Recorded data
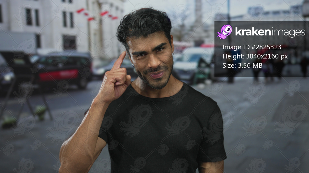 Man showing face and smiling while standing on a busy city street; confidence optimism positivity energy.
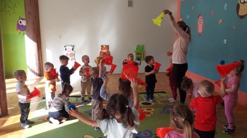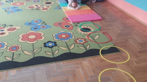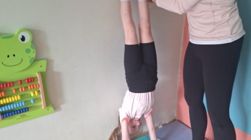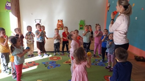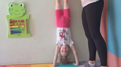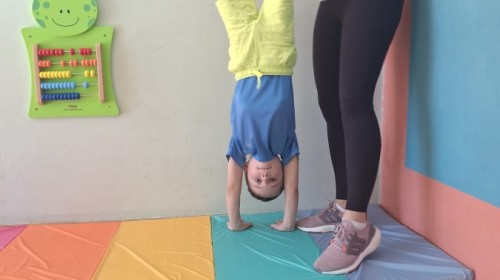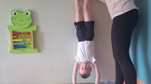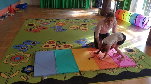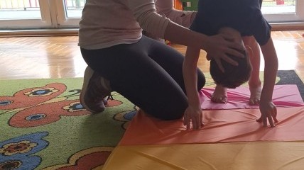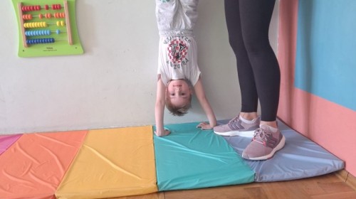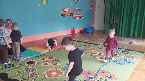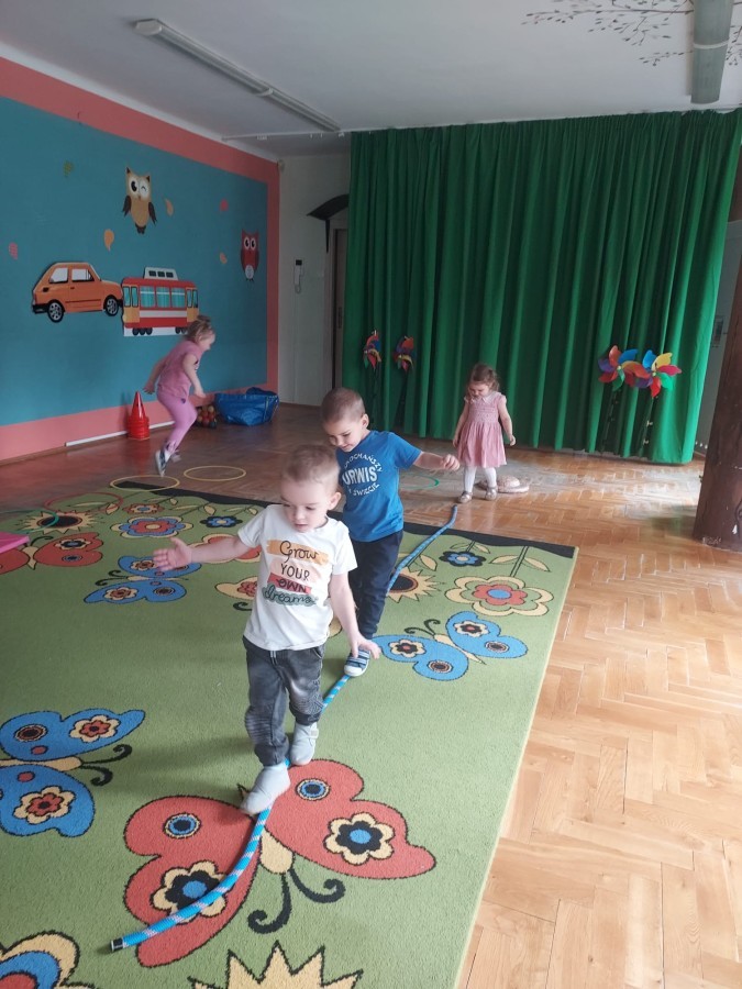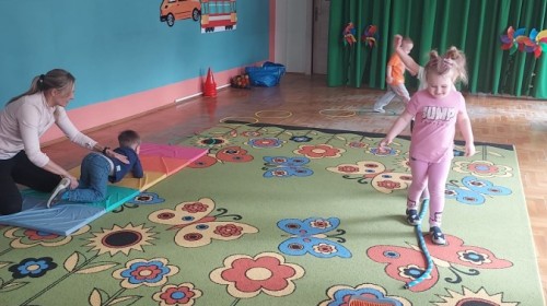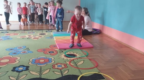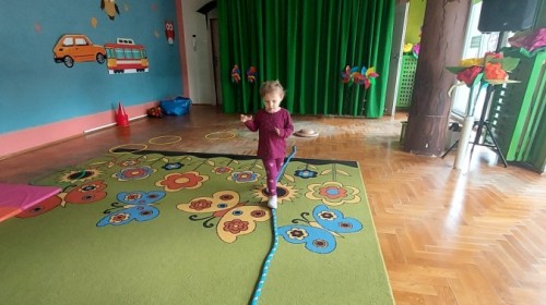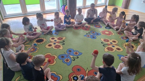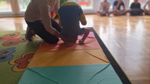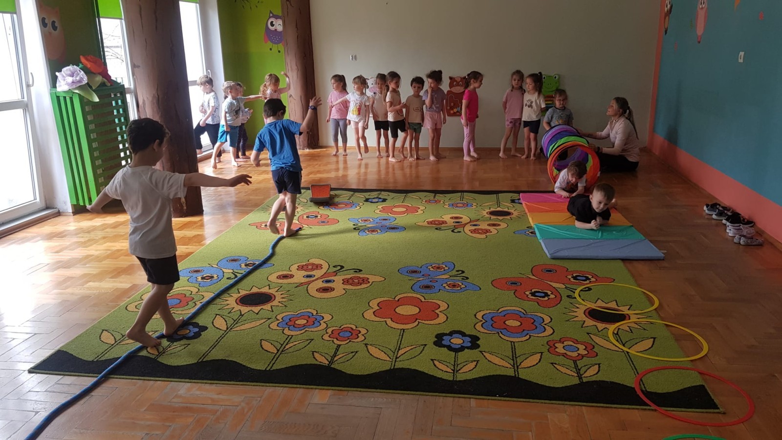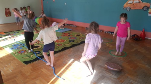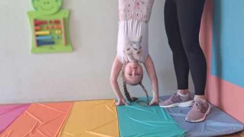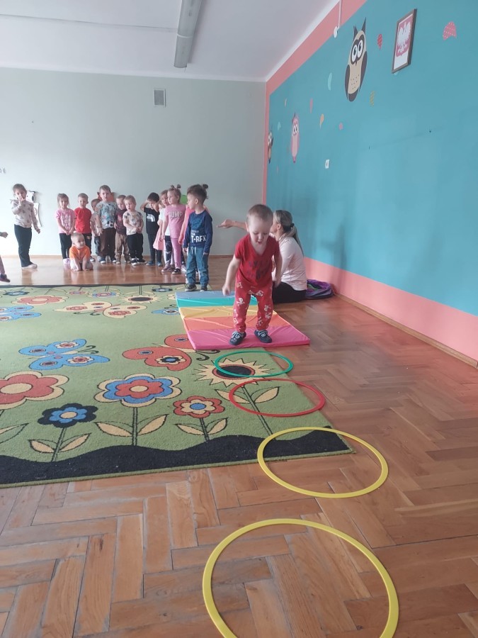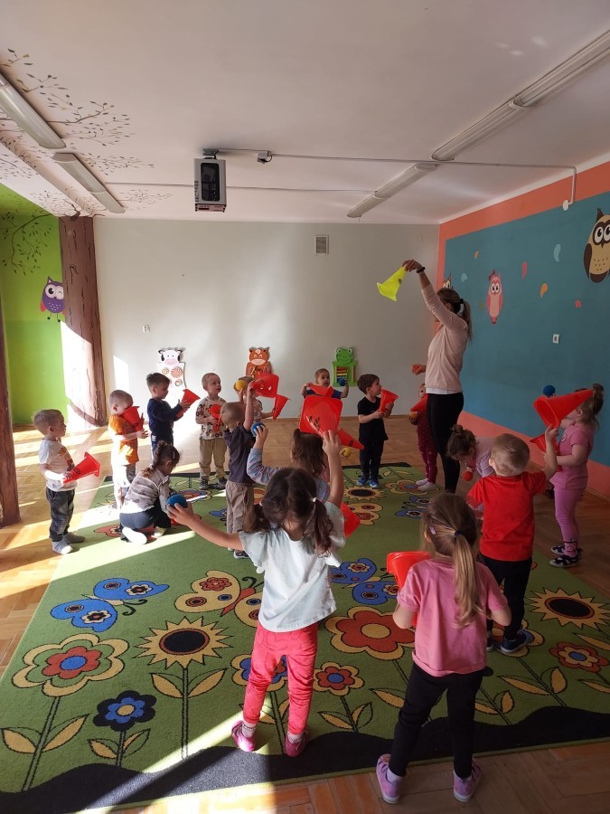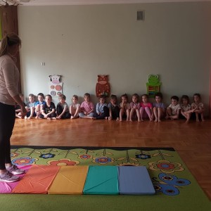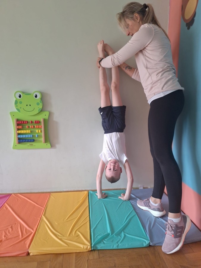 Dzieci uczestniczyły w aktywnościach ruchowych rozwijających sprawność fizyczną, koordynację oraz równowagę. Podczas ćwiczeń na matach gimnastycznych przedszkolaki ćwiczyły fikołki oraz stanie na rękach przy ścianie z asekuracją prowadzącej Pani Jagody. Nie zabrakło także ćwiczeń wspierających motorykę małą. Dzieci pracowały z miękkimi piłeczkami sensorycznymi, ściskając je i wykonując zadania rozwijające siłę dłoni. Zajęcia odbywały się w atmosferze zabawy, wzajemnego wsparcia i radości z podejmowania nowych wyzwań. Dzieci z dużym zaangażowaniem wykonywały ćwiczenia, a każdy sukces był nagradzany brawami. :)
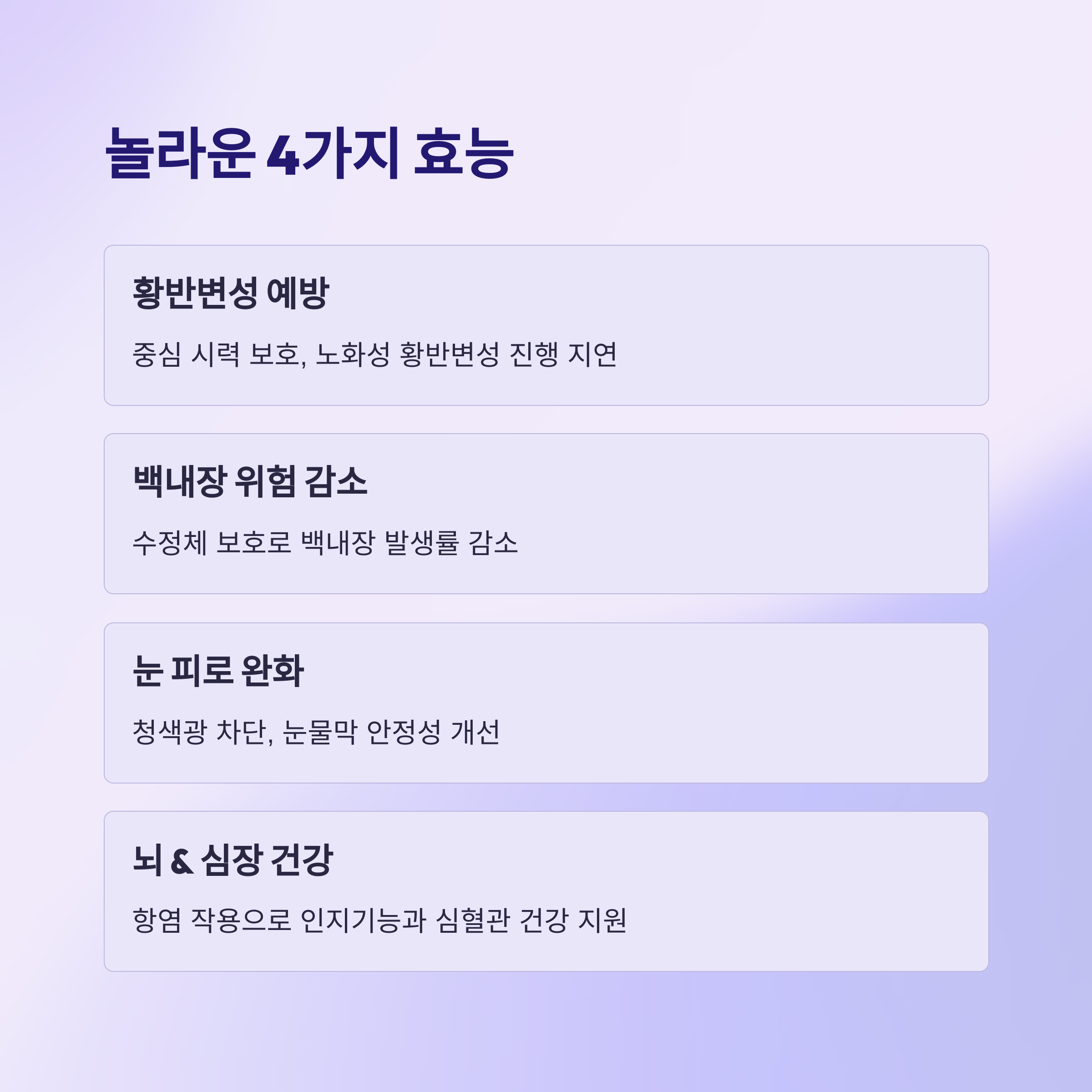 | 백내장 위험 감소 | 산화 스트레스로부터 수정체를 보호해 백내장 발생률을 낮춥니다 |
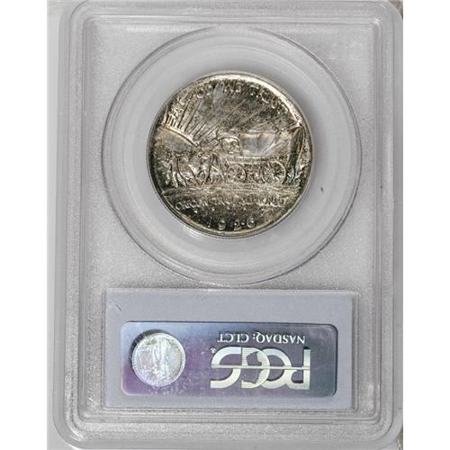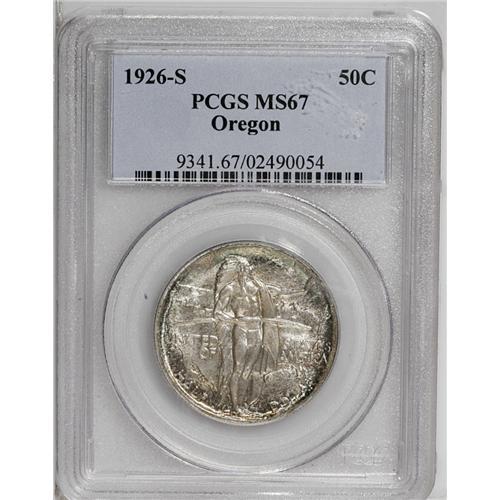 <B>1926-S<50C> Oregon MS67 PCGS.</B></I> A blazing Superb Gem of this popular issue, with mottled iridescent aqua, amber-gold, and smoke-gray toning over both sides, a bit deeper on the reverse. An especially eye-appealing piece for color aficionados.
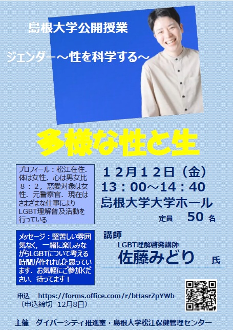 公開日 2025年10月06日 12月12日(金)13:00~14:40,教養教育課目 「ジェンダー~性を科学する~」より「多様な性と生」の授業を,公開授業として行うことになりました。 講師としてLGBT理解啓発講師 佐藤みどり氏をお招きしています。 興味のある方はぜひご参加ください。下記QRコードよりお申し込みいただけます。 ジェンダー2025チラシ[PDF:709KB] 申込締切:12月8日(月)
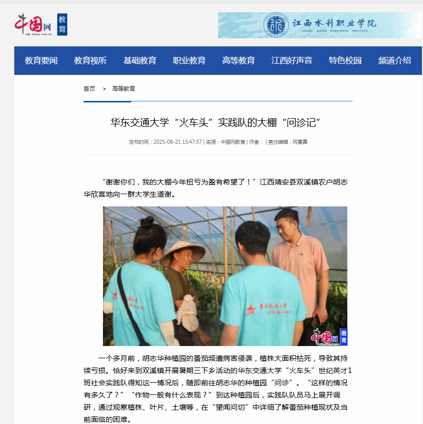 从校园到大棚,从书本到实践,这场持续一个月的“问诊”,不仅帮农户解决了实际问题,更生动诠释了知识的力量。未来,实践队将继续发挥桥梁纽带作用,畅通诉求反映通道,第一时间将调研实情与农民心声向上传递,凝聚社会合力纾解难题,以务实行动回应乡亲们的“急难愁盼”,为绘就乡村振兴壮美画卷贡献青春智慧和力量。
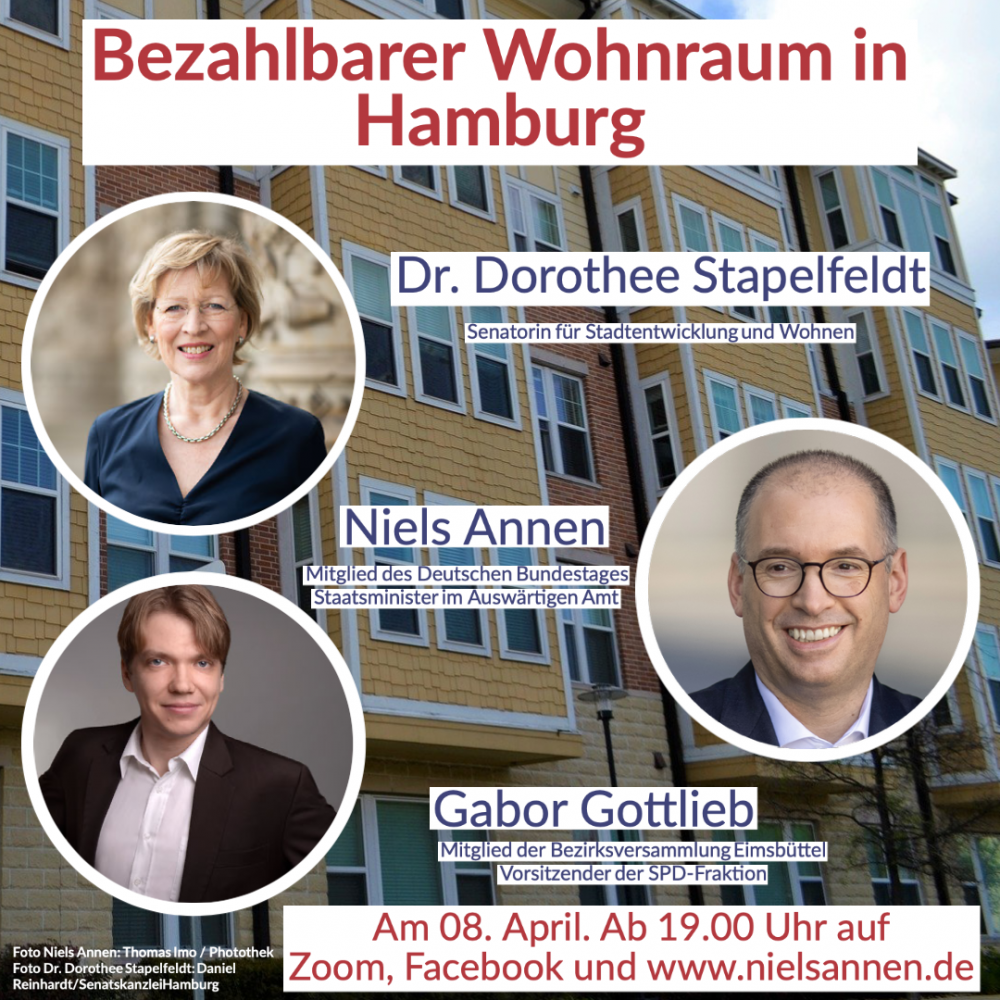 Ich freue mich daher auf ein spannendes Gespräch mit Hamburgs Stadtentwicklungssenatorin Dorothee Stapelfeldt und Gabor Gottlieb, Vorsitzender der SPD-Fraktion Eimsbüttel am Donnerstag, den 8. April 2021 um 19.00 Uhr. Gemeinsam wollen wir über die Lage auf dem Hamburger Wohnungsmarkt sprechen und dabei auf die Anstrengungen eingehen, die es auf Bundesebene, in Hamburg und konkret im Bezirk Eimsbüttel weiter braucht, um hier gut und bezahlbar wohnen zu können.
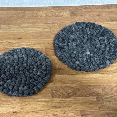 Et par filt bordskånere i rund form med en diameter på 20 cm. De er sammensat af små uldkugler i forskellige nuancer af blå, grå og beige, hvilket giver dem et unikt og dekorativt udseende. Bordskånerne er velegnede til at beskytte overflader mod varme og er en stilfuld tilføjelse til borddækning.
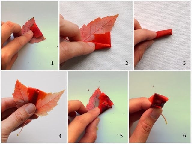 Отсортируйте листья от самых маленьких до самых больших. Один из самых маленьких листочков сложите пополам, яркой стороной наружу. Сверните в маленькую трубочку.
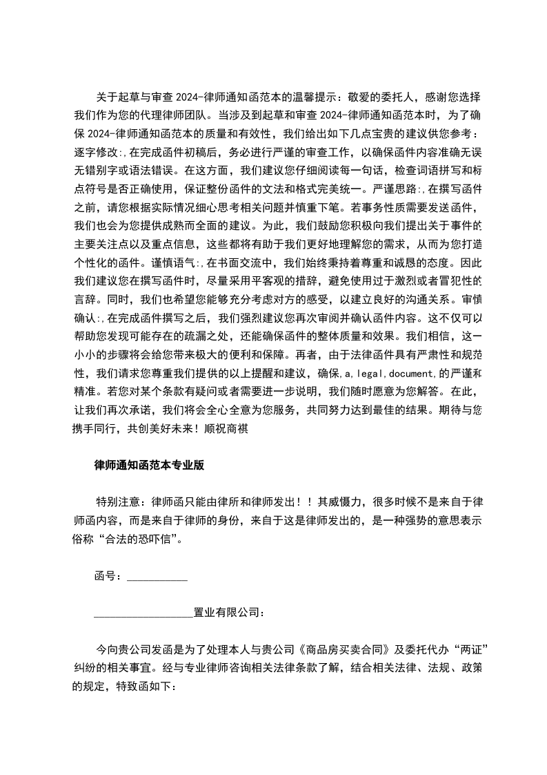 今向贵公司发函是为了处理本人与贵公司《商品房买卖合同》及委托代办“两证”纠纷的相关事宜。经与专业律师咨询相关法律条款了解,结合相关法律、法规、政策的规定,特致函如下:
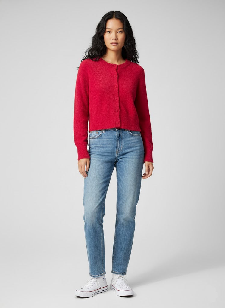 Kış stilinize derinlik katan, lüks ve sıcak bir dokunuş. Bu bordo hırka, zamansız kesimi ve olağanüstü yumuşak triko dokusuyla sizi sarar.

Problem description:
Take the line that contains "今向贵公司发函是为了处理本人" as the first and the last line of the records as the end, and please quote those lines exactly, pictures omitted.

Task response:
 今向贵公司发函是为了处理本人与贵公司《商品房买卖合同》及委托代办“两证”纠纷的相关事宜。经与专业律师咨询相关法律条款了解,结合相关法律、法规、政策的规定,特致函如下:
 Kış stilinize derinlik katan, lüks ve sıcak bir dokunuş. Bu bordo hırka, zamansız kesimi ve olağanüstü yumuşak triko dokusuyla sizi sarar.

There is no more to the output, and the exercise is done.